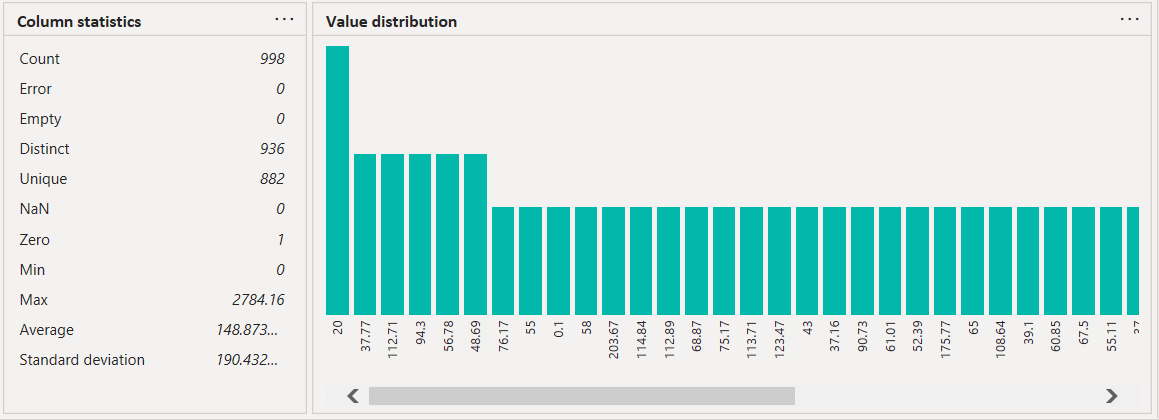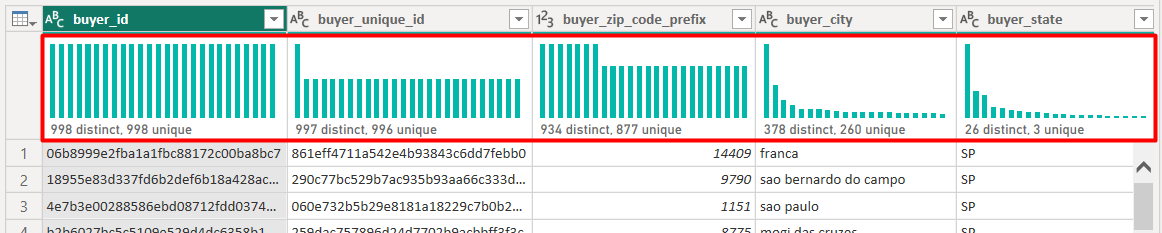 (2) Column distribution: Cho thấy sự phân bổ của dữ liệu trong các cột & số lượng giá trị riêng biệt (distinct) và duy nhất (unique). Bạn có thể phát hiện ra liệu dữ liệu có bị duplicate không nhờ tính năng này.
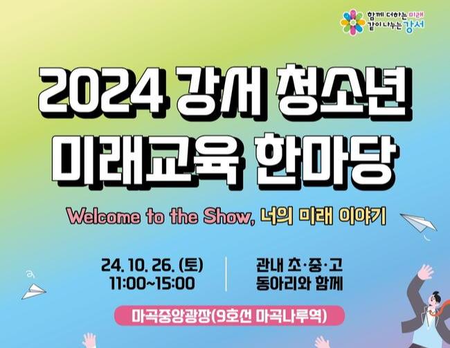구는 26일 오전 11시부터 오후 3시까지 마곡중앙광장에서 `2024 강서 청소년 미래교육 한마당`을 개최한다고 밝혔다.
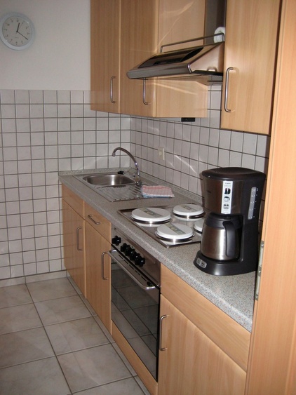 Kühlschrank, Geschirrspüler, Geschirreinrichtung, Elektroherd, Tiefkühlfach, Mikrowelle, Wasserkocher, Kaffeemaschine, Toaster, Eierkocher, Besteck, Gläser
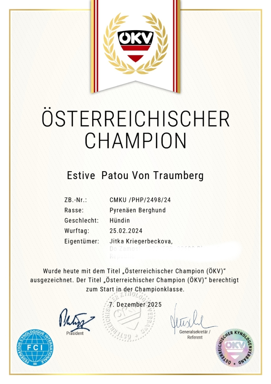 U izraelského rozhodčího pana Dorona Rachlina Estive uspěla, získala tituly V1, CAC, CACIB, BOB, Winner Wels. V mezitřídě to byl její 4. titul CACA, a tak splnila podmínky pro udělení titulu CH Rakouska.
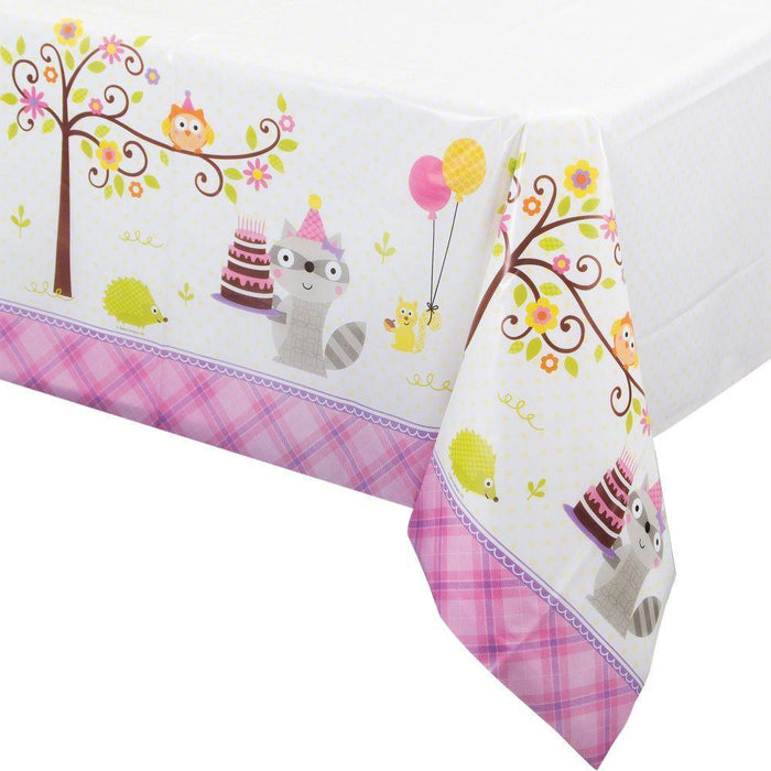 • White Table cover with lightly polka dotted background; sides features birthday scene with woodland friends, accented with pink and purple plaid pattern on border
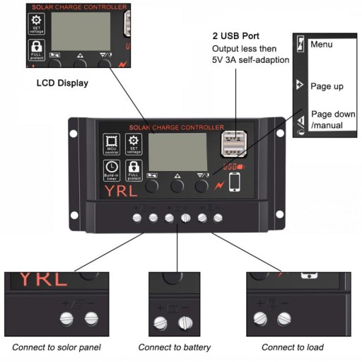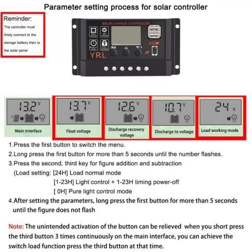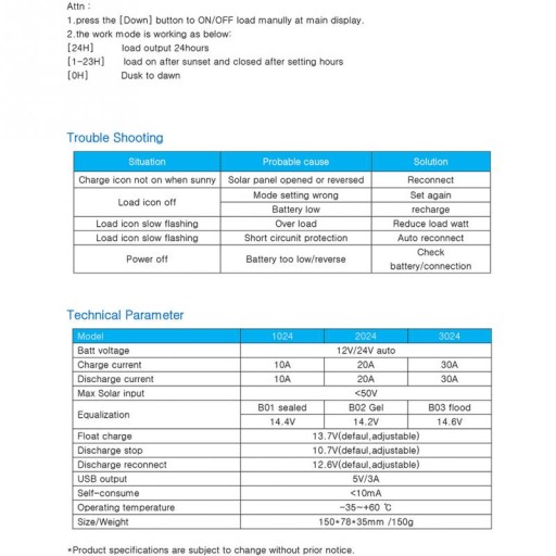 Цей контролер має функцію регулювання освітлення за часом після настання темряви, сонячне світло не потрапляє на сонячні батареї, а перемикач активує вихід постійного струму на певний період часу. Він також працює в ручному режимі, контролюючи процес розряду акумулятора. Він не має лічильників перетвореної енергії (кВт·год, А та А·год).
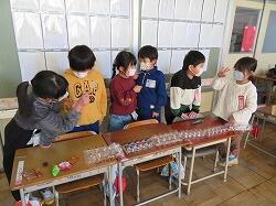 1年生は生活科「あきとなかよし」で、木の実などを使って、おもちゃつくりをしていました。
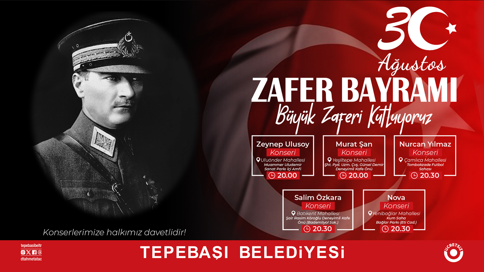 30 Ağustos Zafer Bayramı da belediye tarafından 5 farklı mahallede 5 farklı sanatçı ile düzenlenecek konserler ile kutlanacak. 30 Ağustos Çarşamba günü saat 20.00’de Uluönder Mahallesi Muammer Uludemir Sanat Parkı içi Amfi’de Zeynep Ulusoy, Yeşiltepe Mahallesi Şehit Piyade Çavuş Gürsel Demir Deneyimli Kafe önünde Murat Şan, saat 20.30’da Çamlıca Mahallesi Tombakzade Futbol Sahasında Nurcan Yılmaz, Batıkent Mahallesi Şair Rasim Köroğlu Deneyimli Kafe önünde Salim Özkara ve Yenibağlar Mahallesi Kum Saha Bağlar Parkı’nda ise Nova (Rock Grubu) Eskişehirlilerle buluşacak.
——
### Problem details
Give every entry again as it is, dropping its pictures.

### Answer for this exercise
 (2) Column distribution: Cho thấy sự phân bổ của dữ liệu trong các cột & số lượng giá trị riêng biệt (distinct) và duy nhất (unique). Bạn có thể phát hiện ra liệu dữ liệu có bị duplicate không nhờ tính năng này.
구는 26일 오전 11시부터 오후 3시까지 마곡중앙광장에서 `2024 강서 청소년 미래교육 한마당`을 개최한다고 밝혔다.
 Kühlschrank, Geschirrspüler, Geschirreinrichtung, Elektroherd, Tiefkühlfach, Mikrowelle, Wasserkocher, Kaffeemaschine, Toaster, Eierkocher, Besteck, Gläser
 U izraelského rozhodčího pana Dorona Rachlina Estive uspěla, získala tituly V1, CAC, CACIB, BOB, Winner Wels. V mezitřídě to byl její 4. titul CACA, a tak splnila podmínky pro udělení titulu CH Rakouska.
 • White Table cover with lightly polka dotted background; sides features birthday scene with woodland friends, accented with pink and purple plaid pattern on border
 Цей контролер має функцію регулювання освітлення за часом після настання темряви, сонячне світло не потрапляє на сонячні батареї, а перемикач активує вихід постійного струму на певний період часу. Він також працює в ручному режимі, контролюючи процес розряду акумулятора. Він не має лічильників перетвореної енергії (кВт·год, А та А·год).
 1年生は生活科「あきとなかよし」で、木の実などを使って、おもちゃつくりをしていました。
 30 Ağustos Zafer Bayramı da belediye tarafından 5 farklı mahallede 5 farklı sanatçı ile düzenlenecek konserler ile kutlanacak. 30 Ağustos Çarşamba günü saat 20.00’de Uluönder Mahallesi Muammer Uludemir Sanat Parkı içi Amfi’de Zeynep Ulusoy, Yeşiltepe Mahallesi Şehit Piyade Çavuş Gürsel Demir Deneyimli Kafe önünde Murat Şan, saat 20.30’da Çamlıca Mahallesi Tombakzade Futbol Sahasında Nurcan Yılmaz, Batıkent Mahallesi Şair Rasim Köroğlu Deneyimli Kafe önünde Salim Özkara ve Yenibağlar Mahallesi Kum Saha Bağlar Parkı’nda ise Nova (Rock Grubu) Eskişehirlilerle buluşacak.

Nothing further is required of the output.